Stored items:
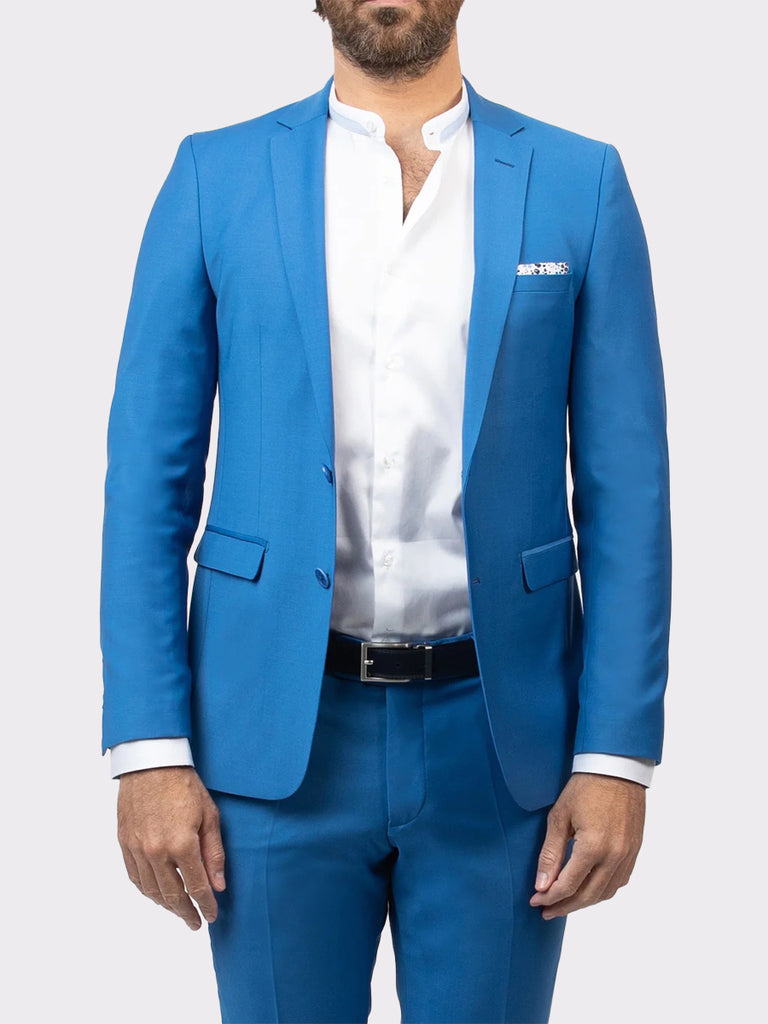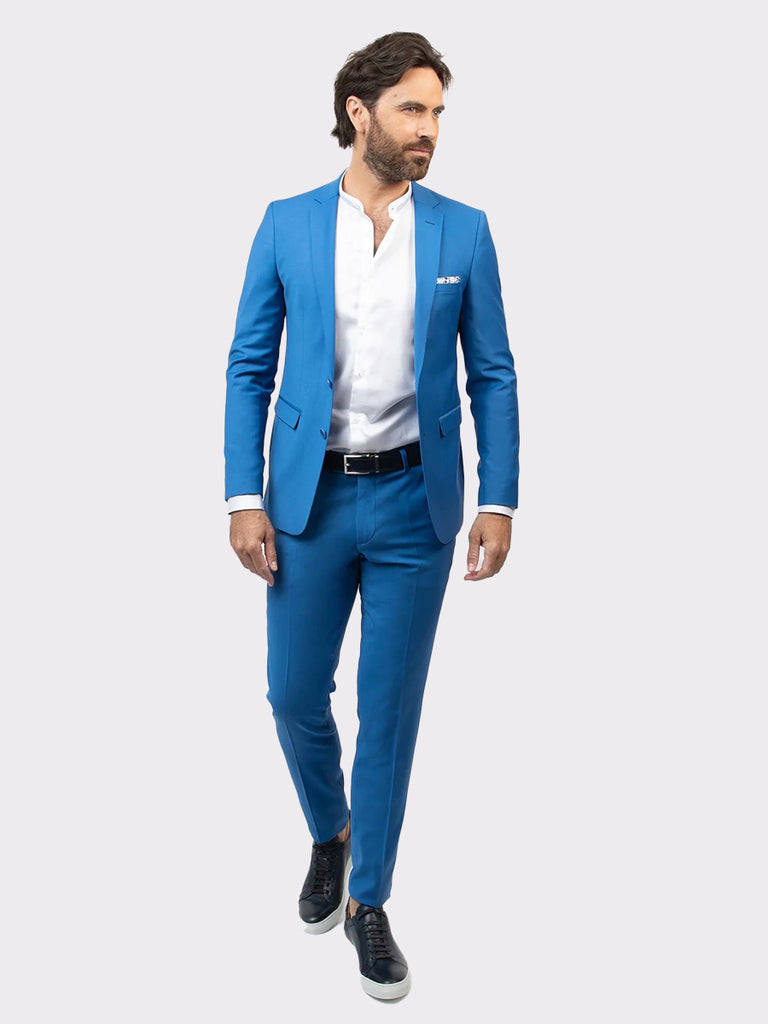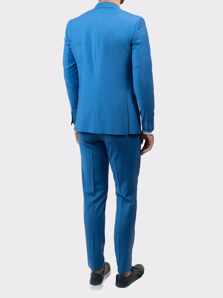 Costume uni bleu Indigo / Veste 2 boutons, col tailleur, 2 poches rabats, 2 fentes dos / Pantalon poches italiennes, bas à 18 cm, 85% laine - 11% polyamide - 4% élasthanne.
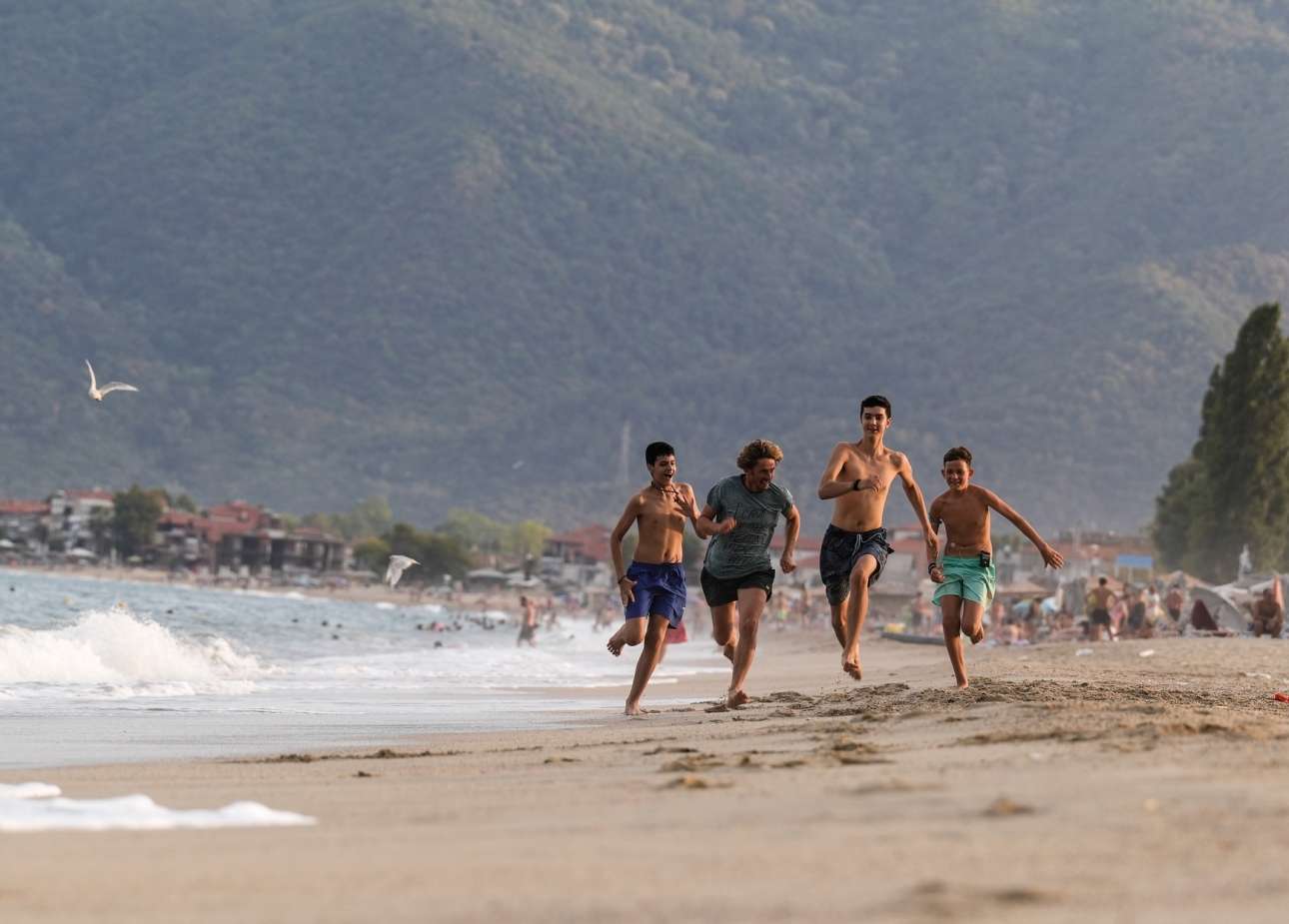 Αγόρια της Θεσσαλονίκης τρέχουν ακάθεκτα να συναντήσουν τα επόμενα ξέγνοιαστα καλοκαίρια τους – καρέ χαράς από την παραλία στα Νέα Βρασνά, κοντά στη λίμνη Βόλβη
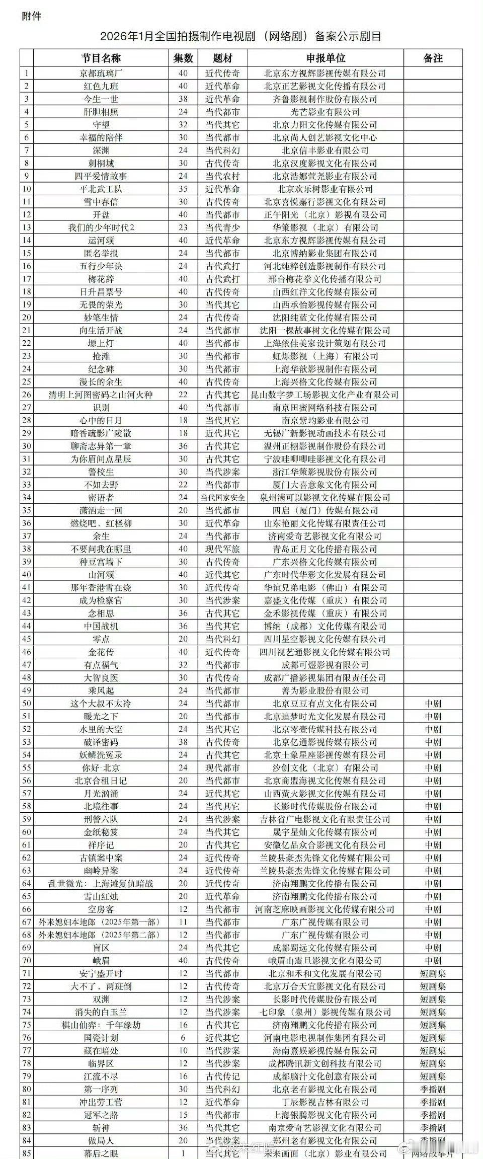 1月电视剧备案公示▪️《开盘》40集,正午阳光▪️《我们的少年时代2》23集,华策▪️《斩神》36集,爱奇艺▪️《第一序列》 30集,老有影视▪️《漫长的余生》40集,兴格文化▪️《为你眉间点星辰》30集,哇唧唧哇▪️《种豆宫墙下》30集,兴格文化▪️《余生》24集,爱奇艺
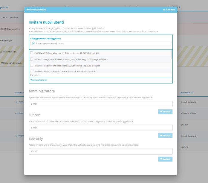 Qualora gli indirizzi di notifica del suo oggetto non fossero ancora completi, ha la possibilità di invitare altre persone. Un nuovo indirizzo di notifica invitato tramite la piattaforma riceve un'e-mail con un link di invito la registrazione.
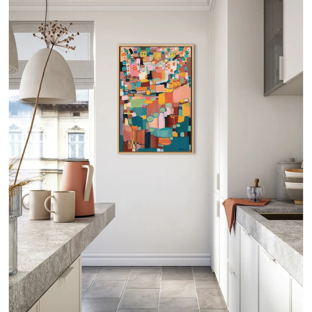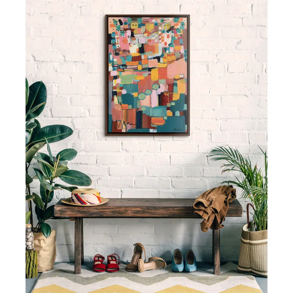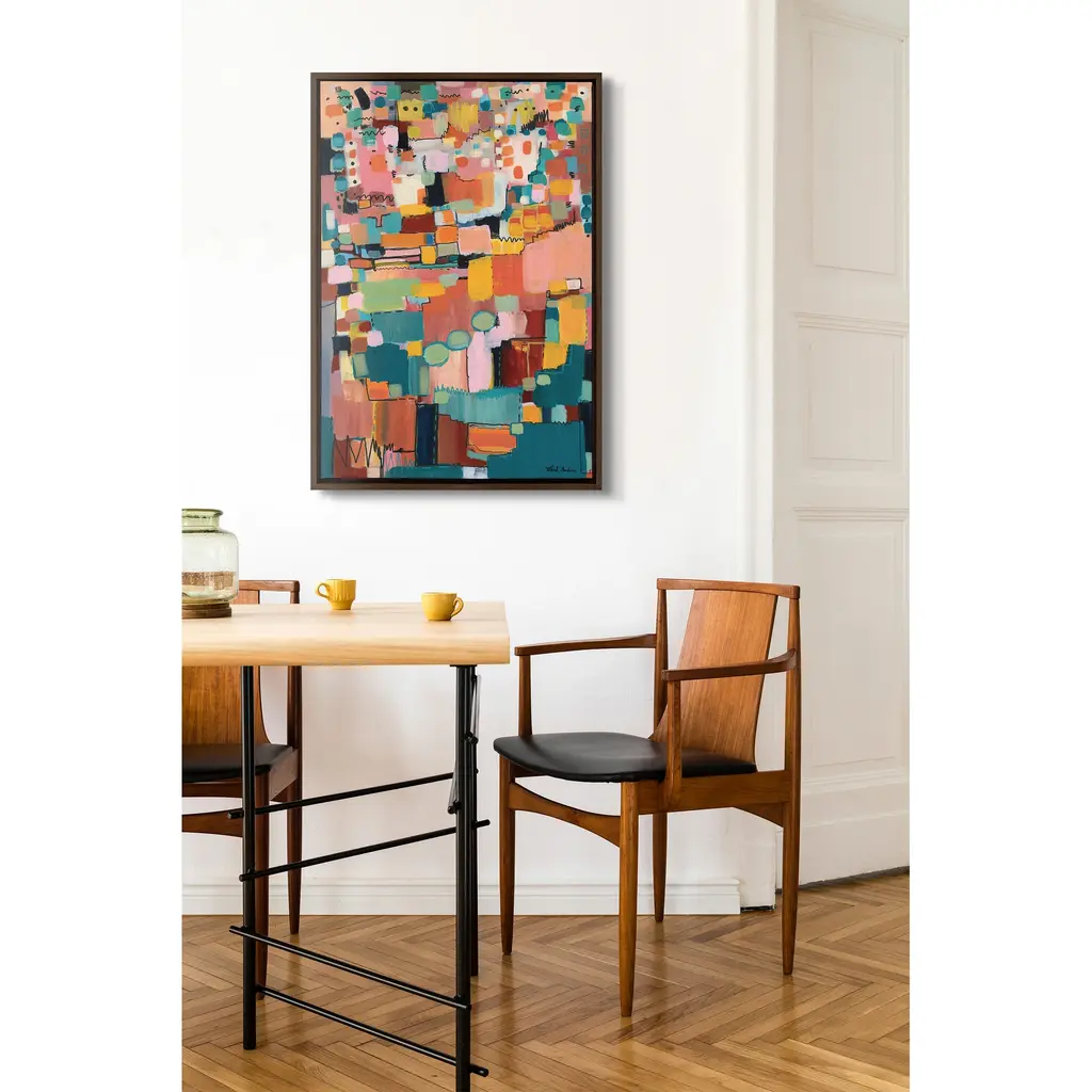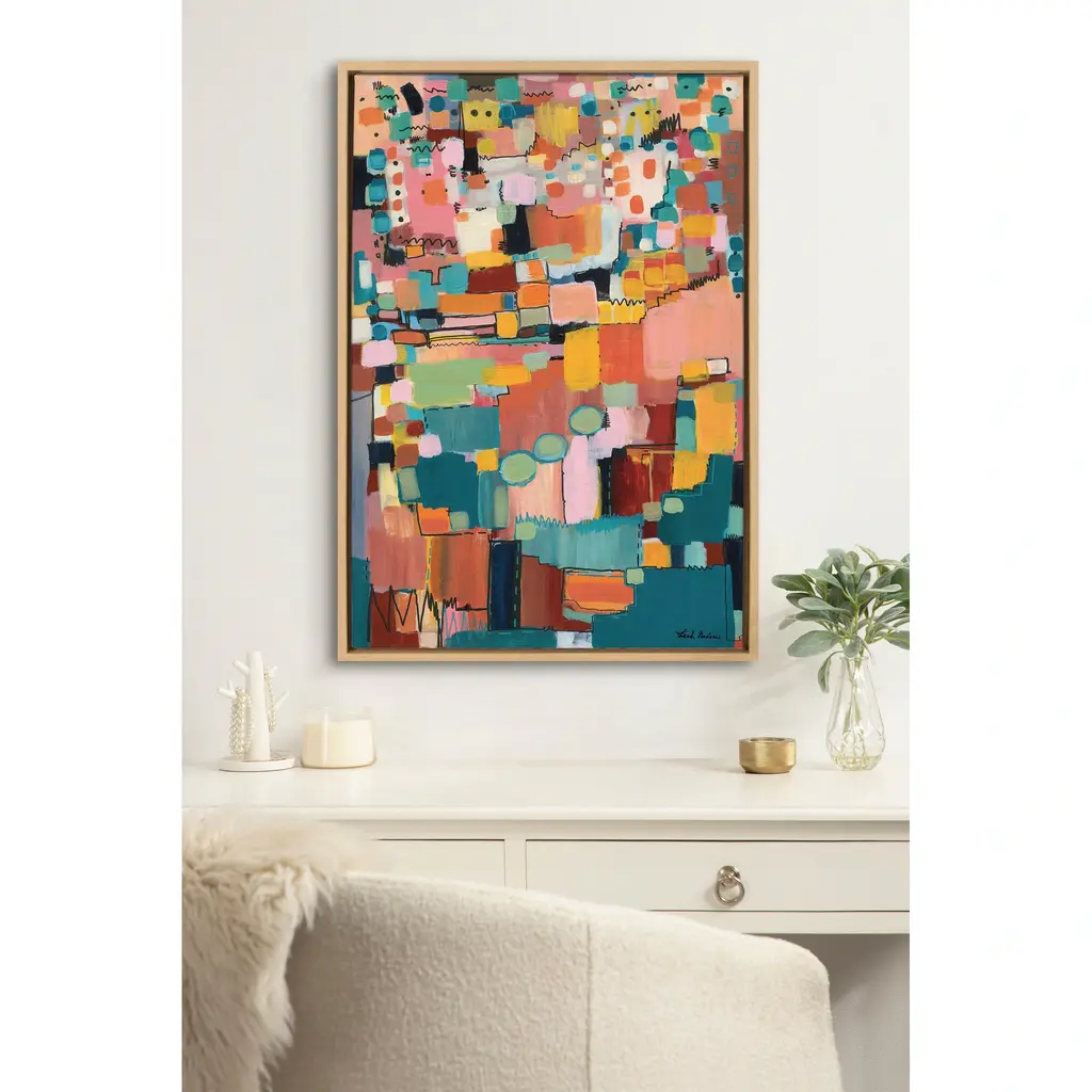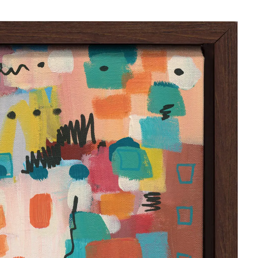 The avant-garde design of this festive abstract art print brings colorful hues and unique forms to your space. Framed in the USA in Waunakee, Wisconsin, this floating canvas art will be a pleasure to look at every day in your living room, bedroom, office, or any room in the home. This art print also makes an excellent gift for birthdays, holidays, or house-warming parties. Printed on gallery-wrapped canvas and framed with a lightweight polystyrene frame, this wall art has two hangers already attached to the MDF back for easy wall display. Print Name: "Sunset Fiesta"
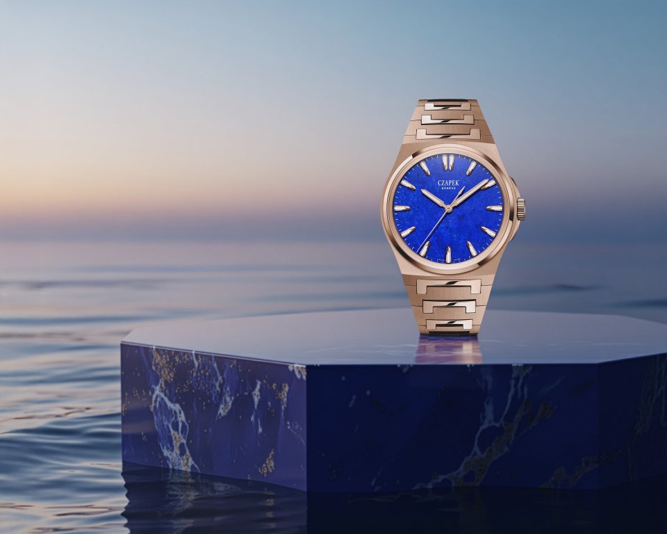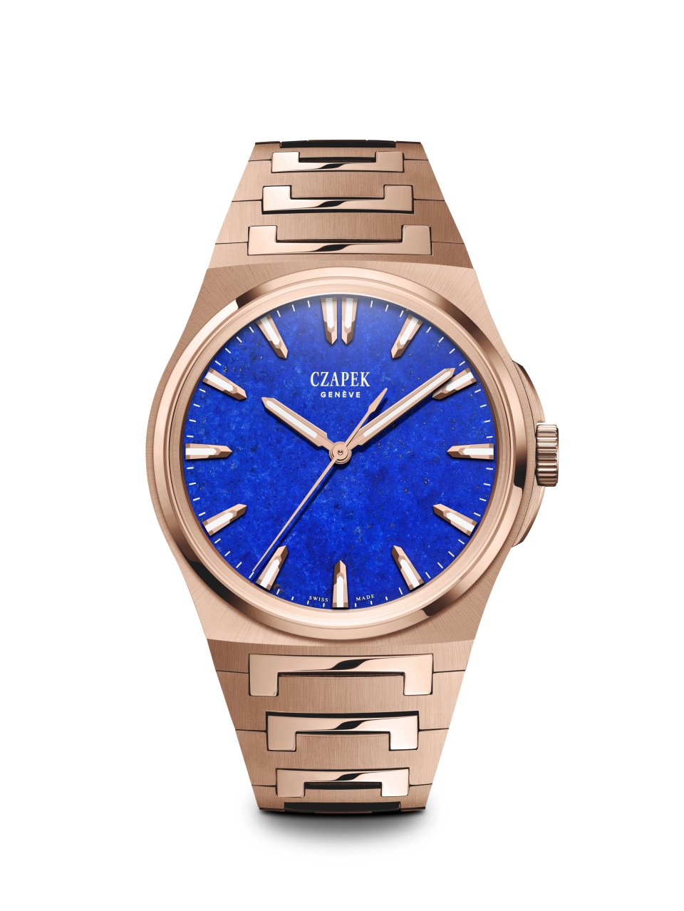 新作のひとつは、ラピスラズリを文字盤に用いたローズゴールド仕様の「マウント・エレバス ラピスラズリ」。

GOAL OF THE EXERCISE: Reproduce the lines of the data that run from the one containing "Αγόρια της Θεσσαλονίκης" to the final line, both included, exactly as they appear and without the pictures.

EXERCISE ANSWER:
 Αγόρια της Θεσσαλονίκης τρέχουν ακάθεκτα να συναντήσουν τα επόμενα ξέγνοιαστα καλοκαίρια τους – καρέ χαράς από την παραλία στα Νέα Βρασνά, κοντά στη λίμνη Βόλβη
 1月电视剧备案公示▪️《开盘》40集,正午阳光▪️《我们的少年时代2》23集,华策▪️《斩神》36集,爱奇艺▪️《第一序列》 30集,老有影视▪️《漫长的余生》40集,兴格文化▪️《为你眉间点星辰》30集,哇唧唧哇▪️《种豆宫墙下》30集,兴格文化▪️《余生》24集,爱奇艺
 Qualora gli indirizzi di notifica del suo oggetto non fossero ancora completi, ha la possibilità di invitare altre persone. Un nuovo indirizzo di notifica invitato tramite la piattaforma riceve un'e-mail con un link di invito la registrazione.
 The avant-garde design of this festive abstract art print brings colorful hues and unique forms to your space. Framed in the USA in Waunakee, Wisconsin, this floating canvas art will be a pleasure to look at every day in your living room, bedroom, office, or any room in the home. This art print also makes an excellent gift for birthdays, holidays, or house-warming parties. Printed on gallery-wrapped canvas and framed with a lightweight polystyrene frame, this wall art has two hangers already attached to the MDF back for easy wall display. Print Name: "Sunset Fiesta"
 新作のひとつは、ラピスラズリを文字盤に用いたローズゴールド仕様の「マウント・エレバス ラピスラズリ」。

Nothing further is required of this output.